TRAFALGAR — Leah Jacobs took her first agriculture class in seventh grade at Eastern Hancock Middle School.
She was hooked for life.
This week, the recently named Indiana FFA state reporter takes that passion on the road during National FFA Week, Feb. 18 to 25. Jacobs, who will travel to 11 different FFA chapters in east central Indiana, estimated she’ll drive more than 900 miles to promote agriculture and the FFA program.
Jacobs, 20, was named to the prestigious Indiana State FFA officer team in June. The intensive ambassador program requires its seven participants to defer college for one year and move into an FFA-owned home in Trafalgar; the students live and work together, traveling across the state putting on leadership conferences for FFA members and supporters.
This week, the goal of National FFA Week is to promote FFA to the public and schools and to celebrate the importance of FFA and its history, Jacobs said.

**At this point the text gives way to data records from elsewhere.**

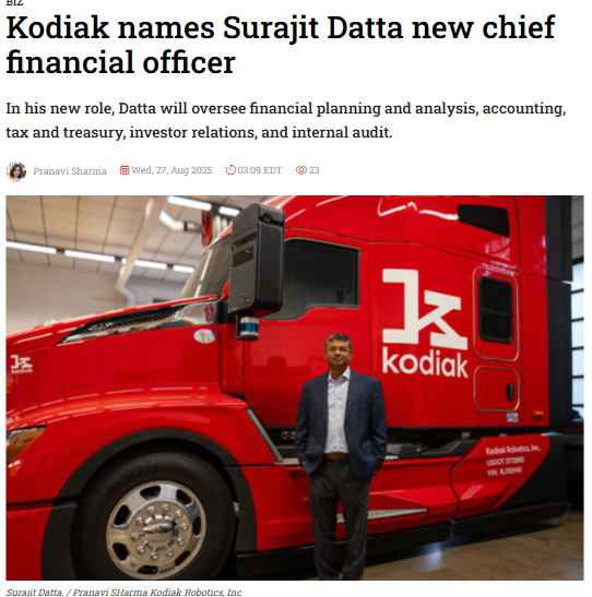 Kodiak Robotics, Inc. Appoints Surajit Datta as CFO – Reported by New India Abroad
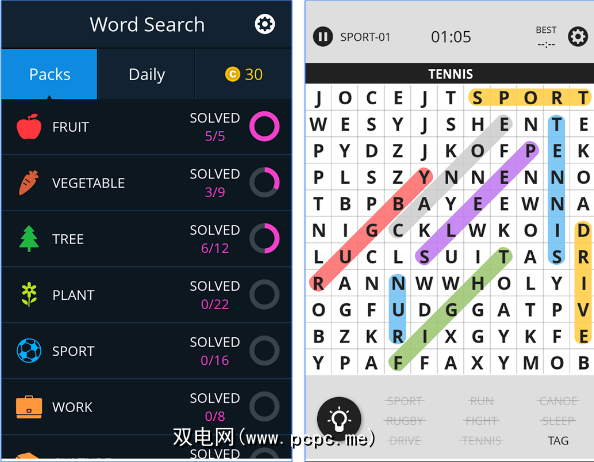 Play商店中装有单词搜索应用程序,但我最喜欢的是MetaFun提供的这项服务。它具有清晰的图形,数百个谜题(按类别细分),定时游戏,甚至是多人游戏模式。
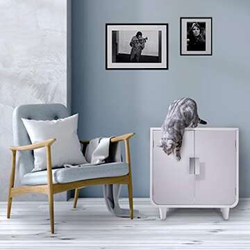 Show moreTransform your home into a stylish haven for your feline friend with the Staart Dyad Cat Litter Box Enclosure. This innovative piece of furniture seamlessly combines functionality with sophistication. Crafted with a classic mid-century design, the enclosure features a stunning white finish complemented by chic gray accents, making it a perfect addition to any modern decor. Say goodbye to unsightly litter boxes and embrace a solution that not only hides your cat’s essentials but also enhances your living space.
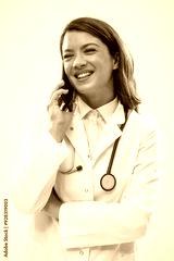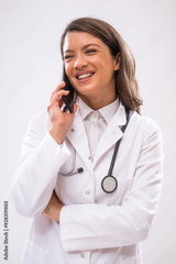 Portrait of happy doctor who is talking on phone with patient.
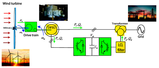 The configuration of the DFIG-based WECS is depicted in Figure 1. A WT is joined to the DFIG by means of a gearbox. The DFIG is an induction machine, which the stator windings are directly connected to the grid, while the rotor windings are connected to the grid thanks to a back-to-back converter.
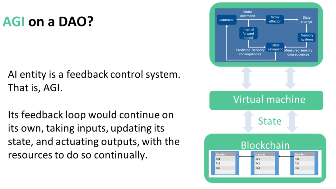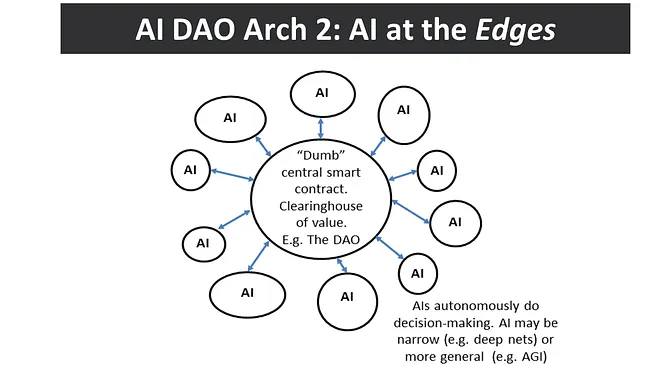 前面的两个部分分别介绍了区块链和AI的概念。我们可以将它们结合起来,形成一个叫做AIDAOs的概念:即AI、去中心化自治组织。
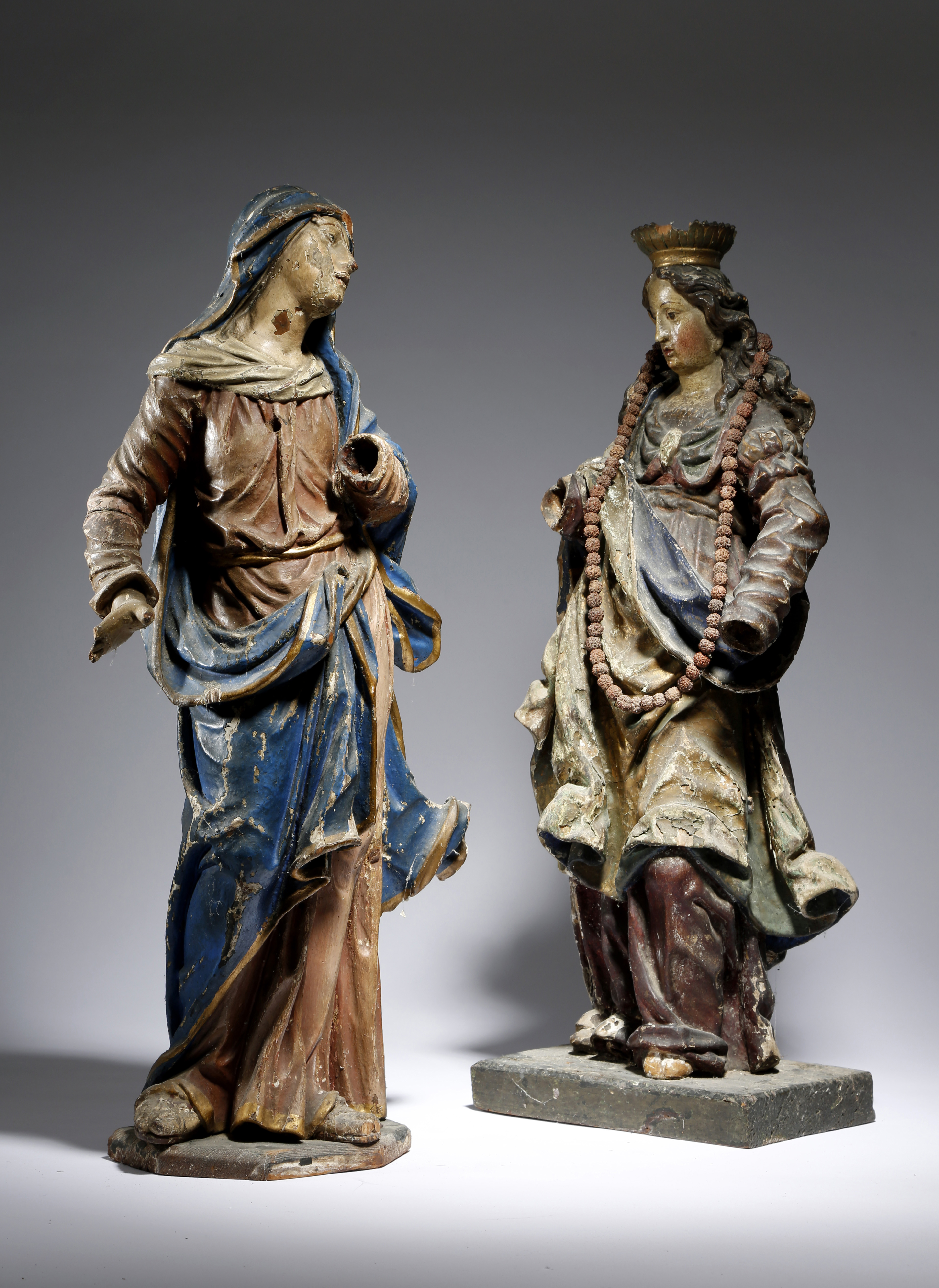with parcel gilt decoration, one of the Virgin Mary, one wearing a crown (2)

How she chooses to do that depends on what school FFA officials request from her, whether it’s to sit in on a chapter meeting to lend her expertise or to talk about leadership, teamwork or another topic that affects the chapter, she said.
“Each school has different ways they celebrate,” said Jacobs, who graduated from Eastern Hancock High School in 2015. “It varies day to day.”
She and her fellow state leadership team members use a curriculum focused on growing leaders, building communities and strengthening agriculture, which is based on the FFA vision statement.
Their talking points include talking about how students can grow as leaders, how they can build their communities and use their own career, whether it’s as an educator, an engineer or a farmer, to promote agriculture.
Watching Jacobs grow in her own leadership skills has been gratifying, said Jacobs’s father, Scott Jacobs, an agriculture teacher at Greenfield-Central High School.
“From a dad’s perspective, it’s rewarding to see my child gravitate to something I feel is important and develop those leadership skills that will be used in whatever career she chooses in the future,” he said.
Leah Jacobs, who is majoring in agriculture education at Purdue University, took a year off of college to serve with the state FFA leadership team. Though she is provided housing, a stipend and mileage, the position is primarily volunteer — but it’s been worth it, she said.
“It’s a great opportunity to go to so many agriculture businesses, meet FFA chapters and hopefully become a role model,” she said. “It’s crazy busy, but we love every minute of it.
Visiting her old stomping grounds was one highlight; Leah Jacobs and her fellow FFA state leadership members recently visited Eastern Hancock to play in a donkey basketball game — a fundraiser for FFA that’s become a longtime tradition.
Principal David Pfaff isn’t surprised to see his former student taking on the challenges of the leadership position; she always distinguished herself from other students throughout high school, he said.
“She was tireless, committed and always ultimately dependable,” Pfaff said. “She learned these lessons well from her parents, who truly raised her right. I always knew that if Leah was involved, it would be done extremely well.”
Each year, FFA chapters around the country celebrate FFA week by sharing with local, regional and national audiences what FFA is and the impact it has on members.
Some of the national initiatives taking place this week include a fundraiser at Tractor Supply stores to fund grants for FFA chapters, service projects being conducted by FFA chapters, Give FFA Day on Feb. 21, which encouraged members of the public to support various needs impacting FFA members and National Wear Blue Day on Friday for FFA members to show their organizational pride.